Task statement: One part of the entries below is wanted: the lines from the one containing "ライフステージの変化により、" through the one containing "7月23日—8月5日,湖北I". Write those out exactly and nothing else.

Records supplied:
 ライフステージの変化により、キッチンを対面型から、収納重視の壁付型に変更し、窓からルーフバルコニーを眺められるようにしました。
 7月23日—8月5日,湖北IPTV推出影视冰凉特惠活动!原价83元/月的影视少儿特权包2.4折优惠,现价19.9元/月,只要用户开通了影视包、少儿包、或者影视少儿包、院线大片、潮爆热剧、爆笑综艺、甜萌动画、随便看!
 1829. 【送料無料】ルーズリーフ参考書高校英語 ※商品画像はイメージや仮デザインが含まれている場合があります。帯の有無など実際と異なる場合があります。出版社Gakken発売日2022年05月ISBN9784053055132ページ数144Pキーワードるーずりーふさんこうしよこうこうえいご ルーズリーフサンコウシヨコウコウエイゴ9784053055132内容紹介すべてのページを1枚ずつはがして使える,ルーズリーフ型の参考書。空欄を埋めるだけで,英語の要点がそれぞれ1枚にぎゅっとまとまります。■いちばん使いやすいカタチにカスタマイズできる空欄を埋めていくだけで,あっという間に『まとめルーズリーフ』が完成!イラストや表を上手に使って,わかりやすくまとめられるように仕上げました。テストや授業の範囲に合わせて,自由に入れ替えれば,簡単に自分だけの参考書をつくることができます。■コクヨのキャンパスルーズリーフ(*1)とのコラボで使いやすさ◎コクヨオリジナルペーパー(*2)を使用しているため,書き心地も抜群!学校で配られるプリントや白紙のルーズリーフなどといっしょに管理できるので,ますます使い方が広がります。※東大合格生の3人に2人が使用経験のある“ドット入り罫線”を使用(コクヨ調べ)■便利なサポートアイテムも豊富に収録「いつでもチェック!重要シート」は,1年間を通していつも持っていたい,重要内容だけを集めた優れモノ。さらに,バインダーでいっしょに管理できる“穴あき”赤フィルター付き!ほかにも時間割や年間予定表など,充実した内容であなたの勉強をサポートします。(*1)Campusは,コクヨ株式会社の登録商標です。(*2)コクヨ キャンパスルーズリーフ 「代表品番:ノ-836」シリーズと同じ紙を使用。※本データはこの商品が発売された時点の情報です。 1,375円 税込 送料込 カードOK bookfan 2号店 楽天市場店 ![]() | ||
==
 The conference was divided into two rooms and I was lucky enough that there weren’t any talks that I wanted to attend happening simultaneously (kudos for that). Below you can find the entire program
* * *
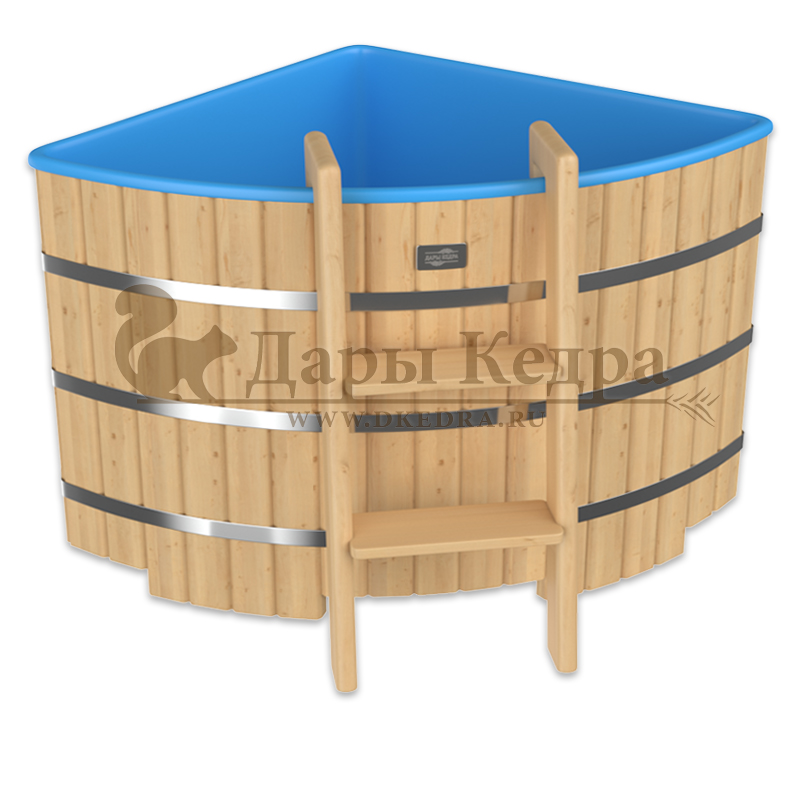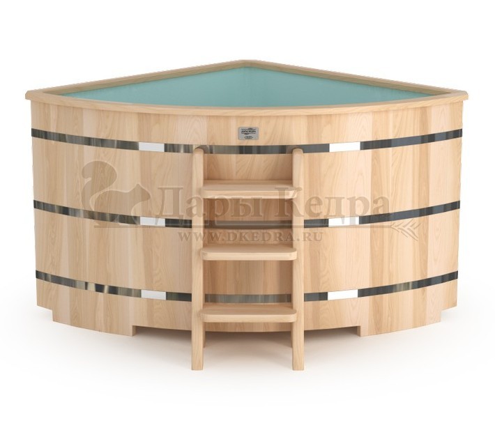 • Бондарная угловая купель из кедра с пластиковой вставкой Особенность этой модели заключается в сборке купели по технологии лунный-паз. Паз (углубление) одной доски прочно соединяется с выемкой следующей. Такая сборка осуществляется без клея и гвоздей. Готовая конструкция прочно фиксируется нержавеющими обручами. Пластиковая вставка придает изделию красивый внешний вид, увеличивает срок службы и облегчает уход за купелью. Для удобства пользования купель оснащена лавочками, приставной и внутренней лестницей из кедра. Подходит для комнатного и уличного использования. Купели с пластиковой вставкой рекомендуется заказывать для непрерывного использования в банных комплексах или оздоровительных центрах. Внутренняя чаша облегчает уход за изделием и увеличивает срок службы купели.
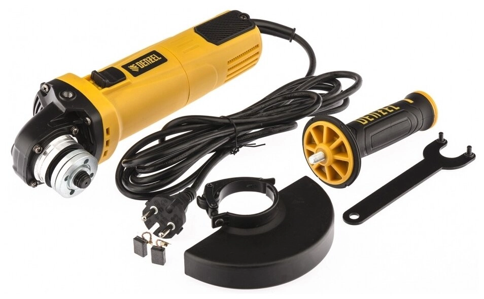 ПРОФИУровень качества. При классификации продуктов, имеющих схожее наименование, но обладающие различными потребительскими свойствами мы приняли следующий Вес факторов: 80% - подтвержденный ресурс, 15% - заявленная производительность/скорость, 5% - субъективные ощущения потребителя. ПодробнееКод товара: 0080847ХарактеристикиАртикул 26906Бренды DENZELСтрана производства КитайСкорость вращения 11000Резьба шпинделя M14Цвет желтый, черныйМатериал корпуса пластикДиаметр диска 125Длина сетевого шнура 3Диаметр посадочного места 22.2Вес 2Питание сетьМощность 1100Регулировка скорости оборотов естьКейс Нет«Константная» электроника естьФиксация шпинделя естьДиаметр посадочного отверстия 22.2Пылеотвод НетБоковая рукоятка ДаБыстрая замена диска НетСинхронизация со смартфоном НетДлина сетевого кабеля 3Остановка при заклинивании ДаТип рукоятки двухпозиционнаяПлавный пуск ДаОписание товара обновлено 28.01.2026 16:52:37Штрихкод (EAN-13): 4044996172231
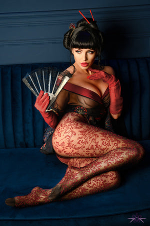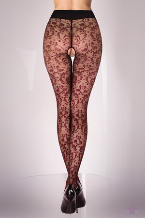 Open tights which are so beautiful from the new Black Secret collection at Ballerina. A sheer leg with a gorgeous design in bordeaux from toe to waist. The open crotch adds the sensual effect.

Task response:
 ライフステージの変化により、キッチンを対面型から、収納重視の壁付型に変更し、窓からルーフバルコニーを眺められるようにしました。
 7月23日—8月5日,湖北IPTV推出影视冰凉特惠活动!原价83元/月的影视少儿特权包2.4折优惠,现价19.9元/月,只要用户开通了影视包、少儿包、或者影视少儿包、院线大片、潮爆热剧、爆笑综艺、甜萌动画、随便看!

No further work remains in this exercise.